# DATA SHOWN
--------------------------------------------------

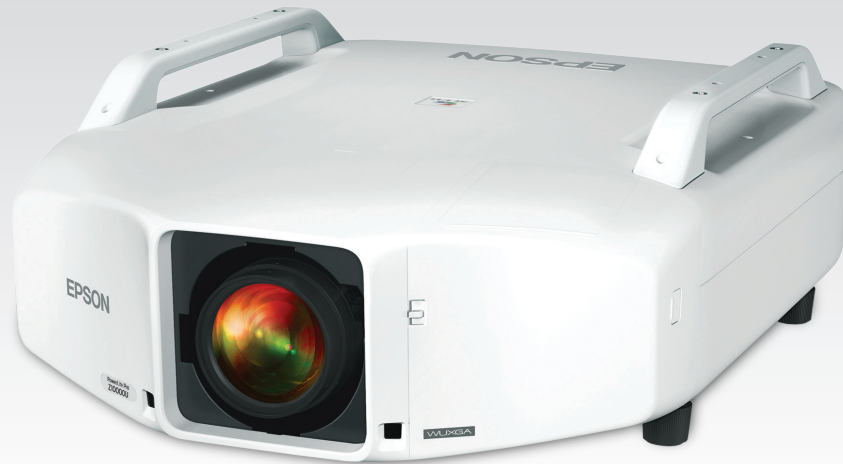
Projector shown with lens. Lens sold separately.
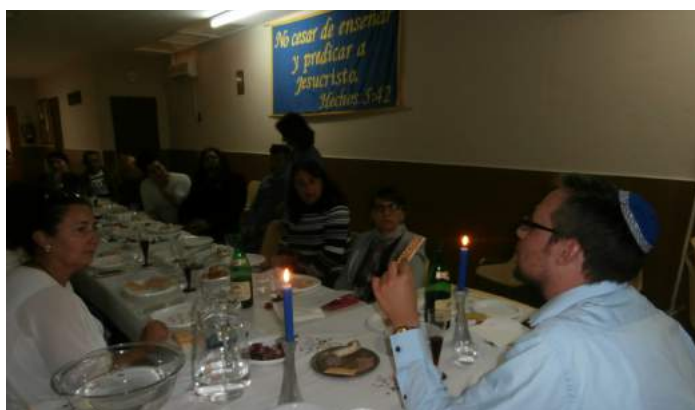
Puebla del Río's Passover

As we look back on this year of service we can say it has been one of the most productive, challenging, emotionally straining, and the most fruitful year of service in the 11

--------------------------------------------------

Without the images, print all of the lines above exactly.

# ANSWER BOX
Projector shown with lens. Lens sold separately.
Puebla del Río's Passover

As we look back on this year of service we can say it has been one of the most productive, challenging, emotionally straining, and the most fruitful year of service in the 11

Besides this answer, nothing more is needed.